Lets cut to the chase: PDFs are evil. If you've done any type of work with PDFs--be it reading them, parsing their text, OCR, etc,--you know what I mean.

An xkcd comic poking fun at PDFS

After pausing on the Authtable.com project for a while, I came back to it recently only to realize the layout of text in documents has completely changed, breaking almost all of the text parsing/extraction functions I implemented (and the various features built on top of them). In the real world--with actual, paying customers--this would lead to hours, maybe days, of downtime.
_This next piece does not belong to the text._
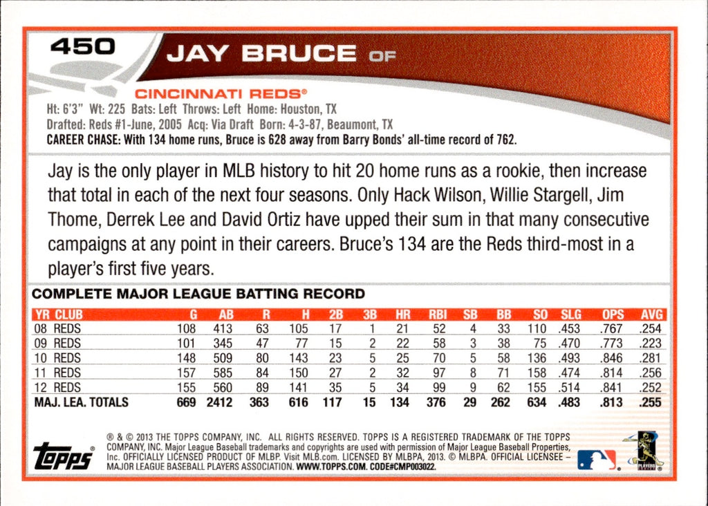2013 Jay Bruce Topps SP PHOTO VARIATION #450 Cincinnati Reds

As anyone familiar with DDD supports in NJ knows, these dang PDFs don't read top-bottom-left-right (or is it left-right-top-down? Eh, you know what I mean). Long text shifts from a column on one page to the same column on the next page. Text gets literally split in half by random line-breaks. I could go on. These changes have made me question the viability of continuing to work on this project. In the real world--with actual, paying customers--this would lead to hours, maybe days, of downtime.

In reality this app is probably better suited as an internal line-of-business application that can be maintained better. I could open-source this project, but do any provider agencies in NJ have developers on staff? I know many that don't even bother with in-house IT, so not sure how they'd be interested in taking on developing and maintaining a web application.

I am satisfied with the work I've done on this project already, I just don't know what it's future is. I could abandon some of the features that are break-prone and just extract text and build some neat things around that (AI anyone?). There are some amazing PDF tools already out there like Paperless-Ngx and Stirling-PDF, but the same barrier applies. I still think there is a value here (particularly just extracting text and having a searchable database), just not sure how much.

Anyway, just jotting my thoughts down—part 1/n of building in public. Happy Dread-of-Winter Tuesday!